Into this legal, scientific and regulatory cesspool now comes yet another element, which may yet go down as a key turning point in the debate – more important even than Climategate: Peter Gleick’s February 14 transmission of several stolen documents and a forged memorandum to 15 environmental activists in the United States and possibly abroad.
The stolen documents were taken from The Heartland Institute, a Chicago-based think tank that has received increasing attention for challenging IPCC and EPA global warming doom and gloom dogma, misinformation and propaganda. (Among the documents stolen were lists of HI donors and its entire 2012 budget.) The left and its mainstream media lapdogs had a field day with the information, but focused almost exclusively on the forged memo, which purported to reveal Heartland’s secret “climate strategy” – to make school children, citizens and legislators better informed about actual climate science.
Six days later Gleick, president and co-founder of the Pacific Institute, confessed to the crime. Virtually everyone now agrees the memo is a poor forgery, probably written by Gleick, although he still denies having done so.
Gleick is a prominent member of the global warming clique. His take-down is big news, and one reason this scandal could overshadow Climategate in its impact on global warming debates.
Gleick has been forced to step down from several positions, including as president of the Pacific Institute, and will likely face civil and criminal charges. His is likely to be only the first scalp that global warming “realists” collect from this incident. Heartland has indicated it will also go after Gleick’s accomplices in major environmental organizations and even in the drive-by media.
The criminal and civil cases will drag out for years, and discovery could uncover even more misbehavior in the alarmist camp. Heartland may also face discovery, but the stolen documents suggest that it has little or nothing to hide.
Who knew what Gleick was up to, and when did they know it? Who was Gleick trying to impress by this theft and forgery, and what did he and his accomplices seek to gain?
In the digital era, every email and every PDF document leaves a digital trail.
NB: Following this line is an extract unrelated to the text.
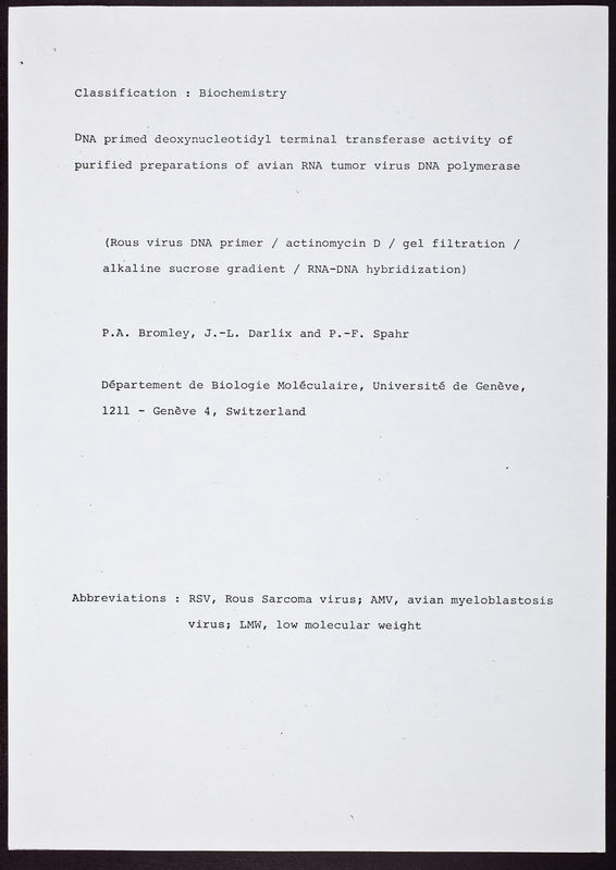 Typescript: "DNA primed deoxynucleotidyl terminal transferase activity of purified preparations of avian RNA tumor virus DNA polymerase" by P.A. Bromley, J.-L. Darlix and P.-F. Spahr
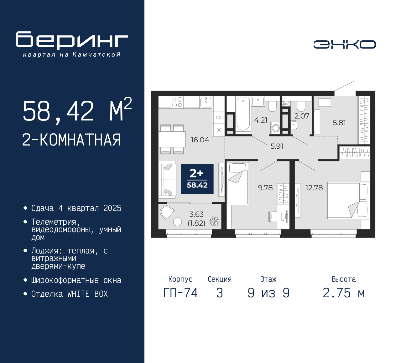 Двухкомнатная квартира в ЖК "Беринг" на 9 этаже. Квартира без отделки, полностью готова к чистовой отделке и дальнейшему ремонту. Общая площадь: 58.42 кв.м., жилая: 22.56 кв.м., площадь просторной кухни-столовой: 16.04 кв.м. Комнаты изолированные, все окна выходят на одну сторону. В квартире одна лоджия, один совмещенный и один раздельный санузел. Высота потолков 2.75 м. Дом монолитный, многоподъездный, переменной этажности, от 9 до 21 этажей. Квартира находится в 3-й секции высотой 9 этажей в корпусе ГП-74. На этаже 7 квартир. В подъезде 1 грузовой лифт. Окончание строительства - 4 квартал 2025 года. Оформление сделки по договору долевого участия. Подобно знаменитому исследователю, мы чувствуем себя первооткрывателями этой локации. Хотим показать новую суть места, сформировать для вас жизненный опыт, которого ещё не было. Беринг — район зелёного цвета. Беринг — район, который откроется вам с другой стороны. Впечатлит новым уровнем комфорта и качеством жизни. Беринг — открытие на карте города. Первый квартал расположен в районе Тура, в границах улиц: Камчатская – Западносибирская – Энтузиастов. Вокруг уже есть всё для того, чтобы ежедневная рутина была лишь частью жизни и не доставляла дискомфорта. Школы и детские сады, магазины и аптеки, поликлиника, места для семейного отдыха, пеших и велопрогулок, и даже рыбалки. Масштабное озеленение дворов — визитная карточка ЭНКО и ваш оазис спокойствия, чтобы отвлечься от повседневности. Раскидистые деревья, кустарники, травы и цветы — осталось остановиться, вдохнуть и расслабиться, глядя на эту природную красоту. Стилистика подъездов продолжает концепцию Беринга, вдохновлённого Камчаткой: сдержанный, но при этом впечатляющий дизайн соседствует с удобством и функциональностью. (AQID02316164)

There will be no cover up this time, no white-wash investigations by friendly IPCC and university colleagues. The perpetrator can’t take the Fifth Amendment in a civil suit, and the prospect of time in jail has been known to loosen lips. The whole global warming cabal is wondering when the next shoe will drop, and drop it shall.
The truth will finally come out, and the world will be better for it.
Craig Rucker is a co-founder of the Committee For A Constructive Tomorrow and serves as its executive director.